Expansion of clinical application scenarios

In addition, the application of lung cancer CAD systems will not be limited to lung cancer screening, but will also expand from screening and diagnosis to follow-up. Specifically, such as lung cancer community medical screening: developing a lightweight cloud-based CAD system suitable for community hospitals. The system can rely on mobile devices to obtain CT images transmitted by primary hospitals, conduct real-time AI analysis in the cloud and provide diagnostic reports, so as to improve the lung cancer screening ability of primary hospitals to the level of tertiary hospitals. It should have low-bandwidth adaptability (under 5 G/4 G/3 G environments) and offline analysis capabilities to meet the network conditions in various regions.

Intraoperative navigation is also an important application scenario. Based on intraoperative CT or ultrasound images and preoperative plans, real-time registration technology is used to superimpose and display the tumor location, tumor boundary, and the relationship between the tumor and surrounding blood vessels and nerves in the surgeon’s surgical field of view, so as to improve the accuracy of tumor resection. The system requires sub-millimeter registration accuracy and <1 s delay to ensure surgical safety. Experimental data show that AI-based intraoperative navigation can reduce the positive rate of surgical margins in early lung cancer to <5%, which is much better than 15% in traditional surgery.

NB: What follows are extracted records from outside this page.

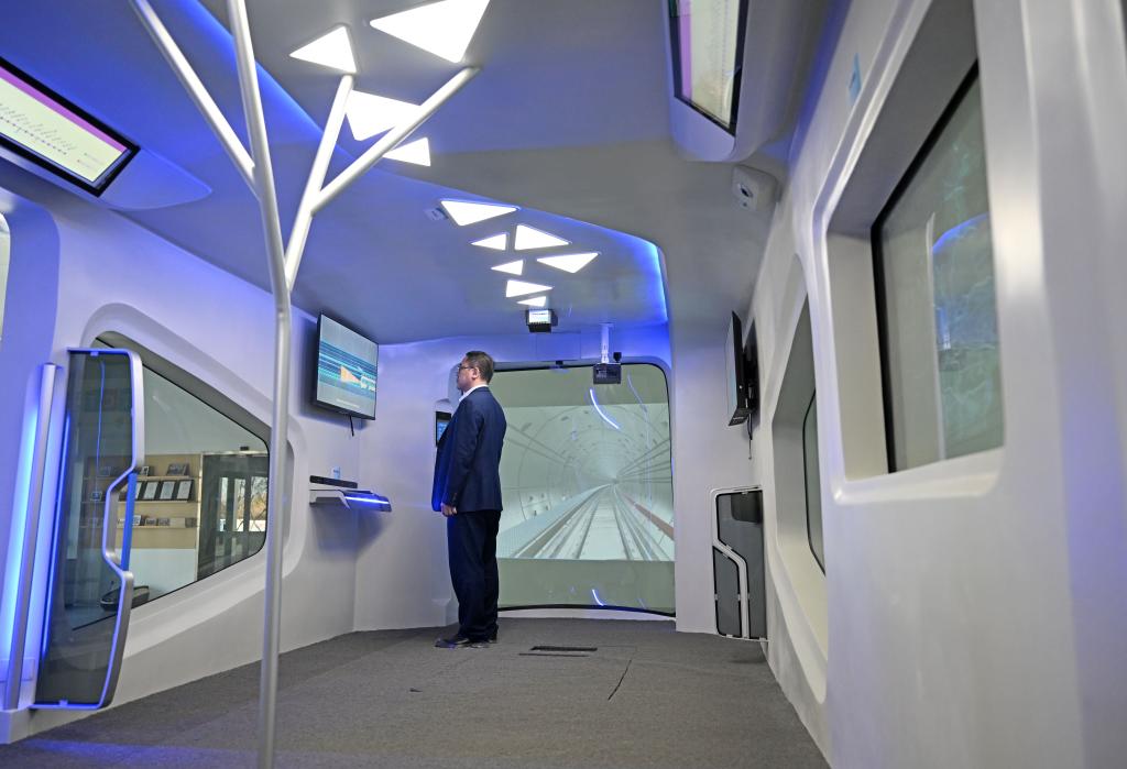 11月15日,在位于天津市武清区的交控技术装备有限公司,工作人员在体验无人驾驶车厢。新华社记者 赵子硕 摄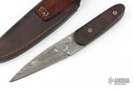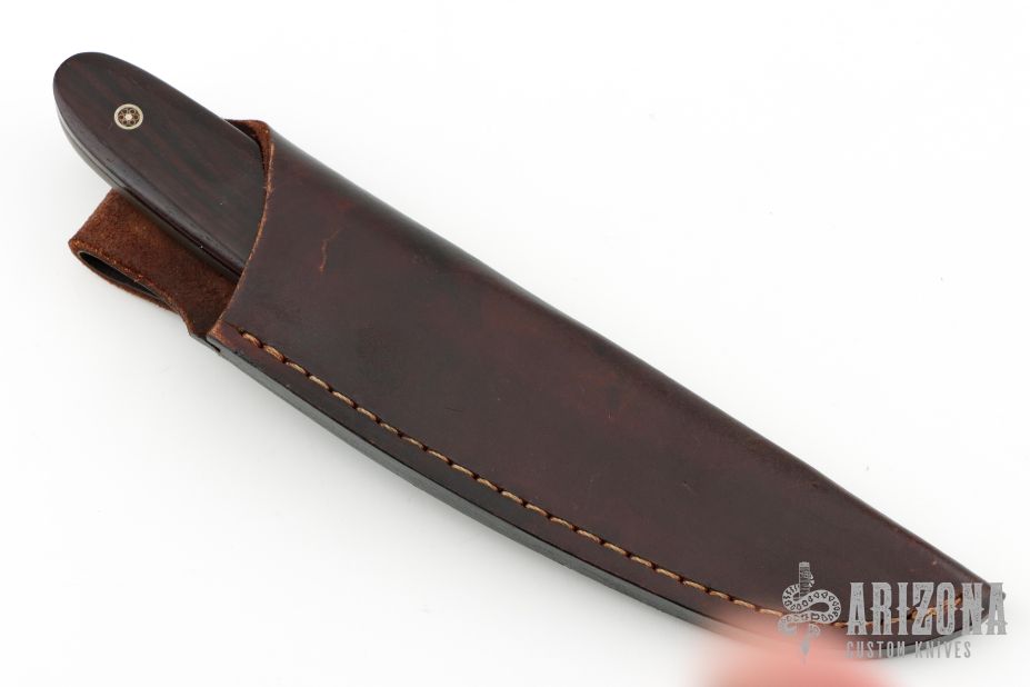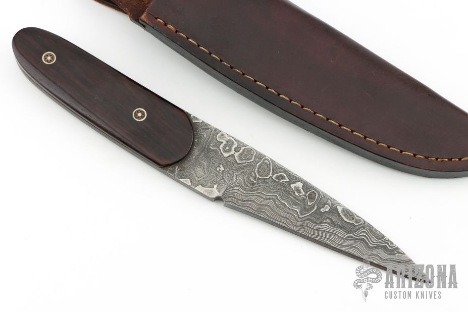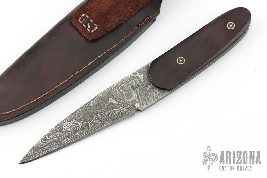 This knife by Stek Knives features a Damascus blade with .195" blade stock and 1.189" blade depth, full tang construction. The handle has cocobolo scales with mosaic pins. Comes with a brown leather sheath with belt loop. Excellent condition.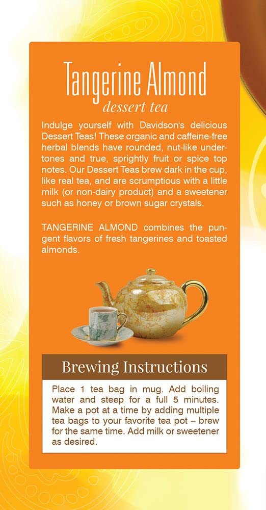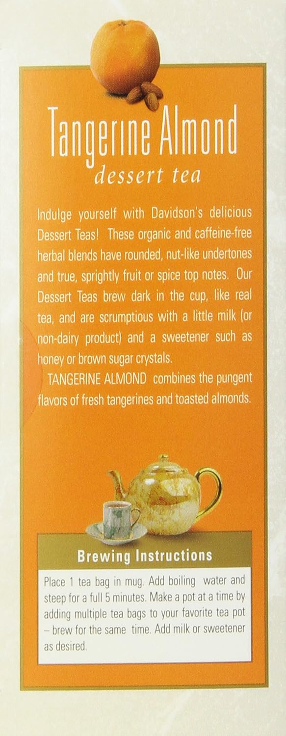 Tangerine Almond Combines Citrus Essence And Toasted Almonds With A Base Of Creamy Chicory, Barley And South African Rooibos, Making The Blend A Perfect Caffeine-Free Dessert Alternative With Only 3 Calories Per Cup. Davidson'S Tangerine Almond Is A Rich, Buttery Herbal Blend With Nutty Top Notes And Citrus Undertones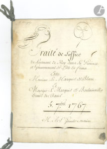 ÎLE DE FRANCE. Acte notarié (expédition signée par les notaires), Paris 5 septembre 1767-15 décembre 1768 ; cahier in-4 de 12 pages sur parchemin, couverture de papier, le tout lié d’un ruban bleu, cachets fiscaux.

Regular review results can be uploaded through a mobile phone APP on the mobile terminal, and the AI system can intelligently compare the size and density of nodules regularly through historical follow-up images. Through automatic follow-up suggestion reminders, recording patients’ symptom information and importing living habits into the system, and providing personalized health guidance according to different patients’ conditions, the patients’ follow-up compliance is improved, so as to achieve early detection of diseases.

By 2030, lung cancer CAD systems will cover the entire process of “screening-diagnosis-treatment-follow-up”, and be deeply integrated with electronic medical record systems and laboratory information systems to form an intelligent closed-loop of lung cancer diagnosis and treatment. The early diagnosis rate of lung cancer will reach more than 60%, and the 5-year survival rate will increase to more than 50%, which will greatly promote the reduction of lung cancer mortality.

Conclusion

After more than 30 years of unremitting efforts, lung cancer computer-aided diagnosis systems have developed from initial auxiliary tools to intelligent technical systems covering lung cancer diagnosis, treatment and prognosis. The core technologies of lung cancer CAD have evolved from traditional algorithms and machine learning to deep learning, from manual features to automatic features, from single-modal to multi-modal, and from diagnosis to prognosis. Lung cancer CAD has made lung cancer screening, diagnosis accuracy and treatment personalization more efficient in clinical applications, and has also played a positive role in improving the prognosis of lung cancer patients.

However, it still faces problems such as data quality and standards, model interpretability, and clinical transformation barriers, which need to be solved by joint efforts of technology, systems, industry, university and research institutions. It is believed that with the further maturity of technologies such as multi-omics integration, 4D image analysis, and explainable AI, lung cancer CAD systems will better play the role of precision medical assistance in the future, truly bringing lung cancer diagnosis and treatment into a new era of intelligence and individualization. On the one hand, scientific research teams and clinical medical staff should work together, guided by real clinical needs, pay close attention to technological innovation and transformation applications, and finally make lung cancer CAD systems a driving force for improving the level of lung cancer diagnosis and treatment, benefiting patients.